# My first western rehandle



## Geo87 (Aug 15, 2014)

Finally after far too much research, consulting other members and waiting for wood to dry in my homemade kiln... I've finished my first handle. 
Pretty happy with how it turned out its not quite perfect but it feels nice  
It's wenge wood with red fiber spacers and stainless pins. Knife is Mac Pro bread knife 
Any criticism or comments are welcome! 
Apologies for dodgy phone pics :/


----------



## larrybard (Aug 15, 2014)

Congratulations. Must be quite satisfying to have done this.

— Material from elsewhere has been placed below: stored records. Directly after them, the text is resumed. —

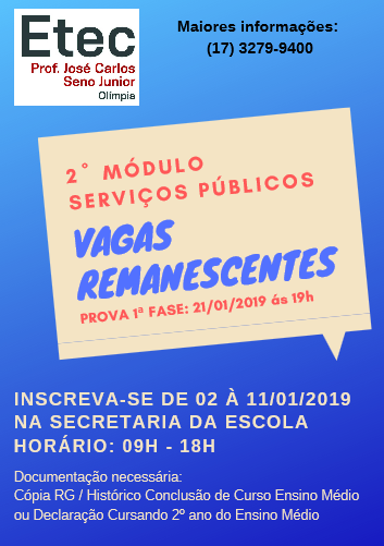Está aberto o processo de vagas remanescentes para o candidato que deseja ingressar no 2º módulo do Curso Técnico em Serviços Públicos.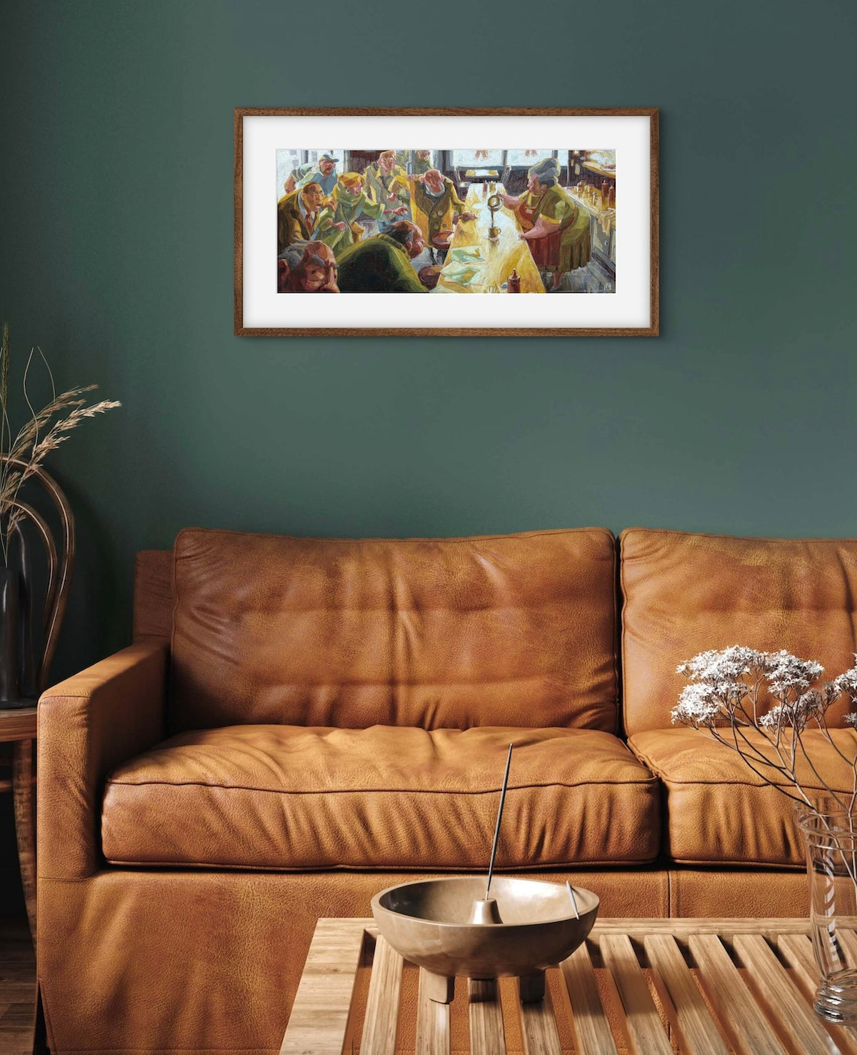 The ultimate goal of the challenge was to sharpen visual storytelling skills. There were no limits - artists had free rein to convey the concept through composition, color choices, character design and blocking, world building, and lighting decisions. Noah would invariably spend several weeks on a single drawing, developing his ideas with exploratory thumbnails before setting to work on his fully realized scenario.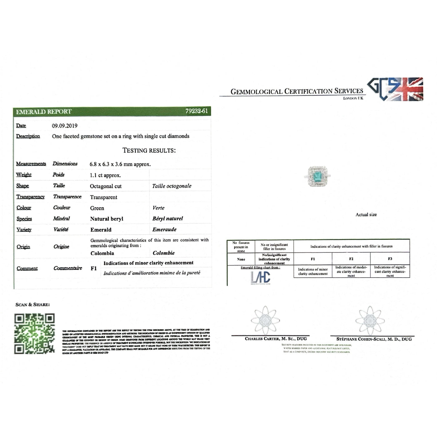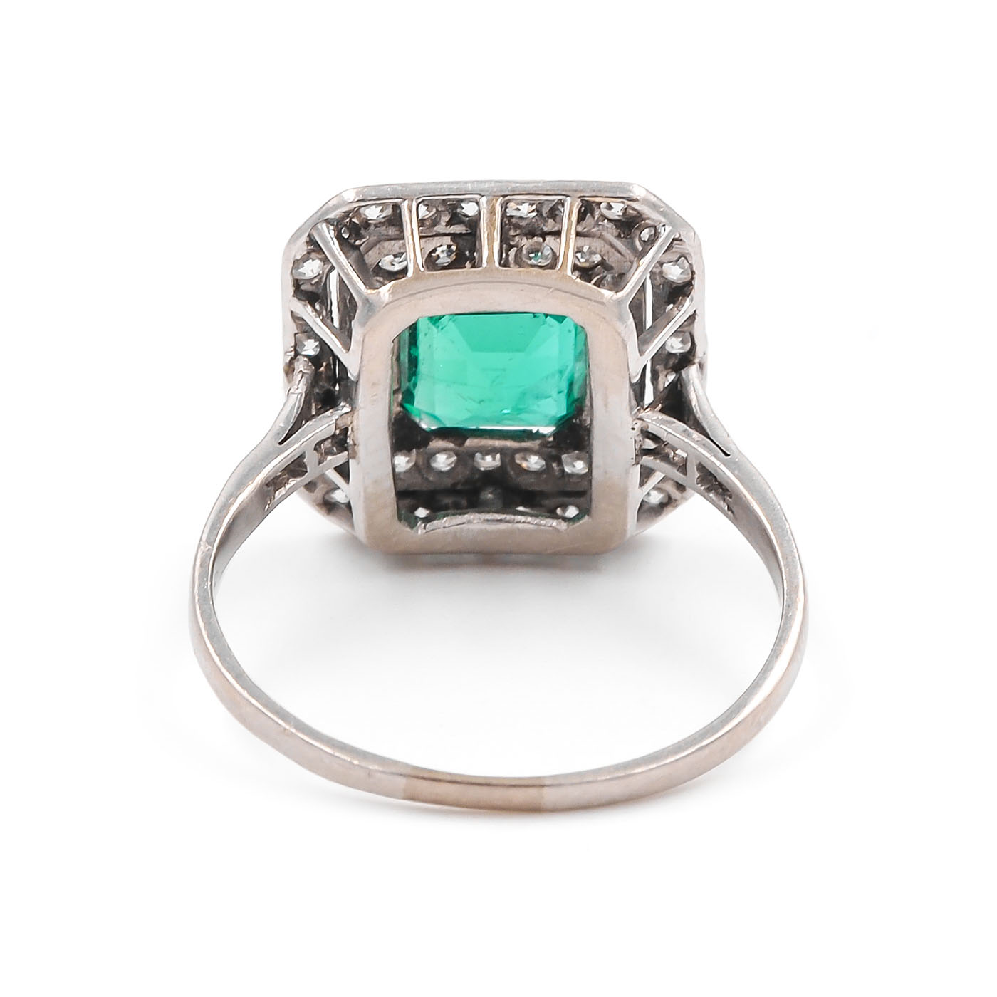 Art Deco era 1.10 carat Emerald & 0.54 Ctw. Old Single Cut Diamond Square Dinner Ring composed of platinum. Featuring a 1.10 carat Step Cut emerald at the center, GCS certified to have Colombian origin with Minor Oil Treatment. The emerald is framed by two rows of Old Single Cut diamonds (with diamonds accenting the shoulders as well), weighing approximately 0.54 carats in total. The ring has a square shape with angled corners, fine milgrain throughout, and linear cutouts. The setting measures approximately 14.1 mm tall by 13.5 mm wide at the front. Circa 1920.

I'll leave it to the more knowledgeable members (which basically is almost everyone else) to constructively comment on the work.


----------



## knyfeknerd (Aug 15, 2014)

Looks great Geoff! Congrats on your 1st, looks a million times better than my 1st!


----------



## Chuckles (Aug 15, 2014)

Looking good!


----------



## Dave Martell (Aug 15, 2014)

Nice work Geoff!


----------



## icanhaschzbrgr (Aug 16, 2014)

Congratulations, Geoff! 

New handle looks pretty clean and must be much better then the stock one. How long does it took you to complete? Were there any failed attempts? 
I've rehandled same Tojiro ITK last year, and now have another one waiting for new handle. My wife loves this knife.


----------



## jimbob (Aug 16, 2014)

Looking good mate. Ill send mine up soon...


----------



## chefcomesback (Aug 16, 2014)

Well done Geoff 


Sent from my iPhone using Kitchen Knife Forum


----------



## Benuser (Aug 16, 2014)

Very nice indeed, Geoff!


----------



## Matus (Aug 16, 2014)

Nice job indeed. I was already wondering whether I should have new handle made for our MAC bread knife too. I am not sure though I would dare to do it myself.


----------



## Geo87 (Aug 17, 2014)

Thanks for the positive words everyone ! 

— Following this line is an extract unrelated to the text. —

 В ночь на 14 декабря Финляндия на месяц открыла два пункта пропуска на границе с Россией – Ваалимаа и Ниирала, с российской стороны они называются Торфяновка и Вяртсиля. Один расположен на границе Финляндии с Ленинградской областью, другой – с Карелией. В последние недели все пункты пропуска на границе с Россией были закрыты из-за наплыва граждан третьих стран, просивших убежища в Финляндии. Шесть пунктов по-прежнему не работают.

Chris: the handles on the knives you sent mike are my inspiration as they are the only customs I've seen in real life  looking forward to getting good enough to dare delving into some more expensive wood ! 

Anton : it took me a week from start to finish. I don't get a lot of time as I'm pretty darn busy . I also don't have a belt sander yet so it was shaped mostly by hand tools! That took some time. No failed attempts... I was well prepared thanks to KKF and everybody's sound advice.


----------



## danielomalley (Aug 17, 2014)

That looks great! What a fantastic upgrade on a Mac. I usually feel the Mac's weakness is their handles...


----------



## Nmko (Aug 18, 2014)

Nailed it! - Love that wenge. Nice work mate, have to catch up soon!


----------



## CutFingers (Aug 18, 2014)

Looks good, it kind of has that vintage euro look to it. I like the feel and look of grain on my knives. Also it looks rustic but not at all sloppy. You did a very nice job.


----------



## 29palms (Aug 18, 2014)

That looks great are you vacuum kiln drying your wood?


----------



## Geo87 (Aug 18, 2014)

Nope...I've used an old dishwasher, extractor fan, digital temperature gauge and a light fitting with various lightbulbs. It took about a month to dry the wood I had.


----------



## CutFingers (Aug 18, 2014)

Slow and steady wins the race. Perhaps you should try hickory wood. It was a common material on Forgewcraft and Old Hickory carbon knives. The wood is fairly inexpensive and I think it might be under appreciated.


----------



## Geo87 (Aug 19, 2014)

I'll try any wood I can get my hands on  but I think next time I'll splash out and get some nice burl, pre dried or stabilised


----------



## 29palms (Sep 4, 2014)

That looks nice the Mac bread knife deserves an upgrade. I ground the tang on mine down for a hankotsu style handle.


----------



## Geo87 (Sep 4, 2014)

29palms said:


> That looks nice the Mac bread knife deserves an upgrade. I ground the tang on mine down for a hankotsu style handle.



Pics or it didn't happen


----------



## Vesteroid (Sep 4, 2014)

Can someone link a page going over how to do a re handle on a western? I have read Mikey's for a wa handle, but want to start with some of my cheap japanese knives which are all western?


----------



## chefcomesback (Sep 4, 2014)

Vesteroid said:


> Can someone link a page going over how to do a re handle on a western? I have read Mikey's for a wa handle, but want to start with some of my cheap japanese knives which are all western?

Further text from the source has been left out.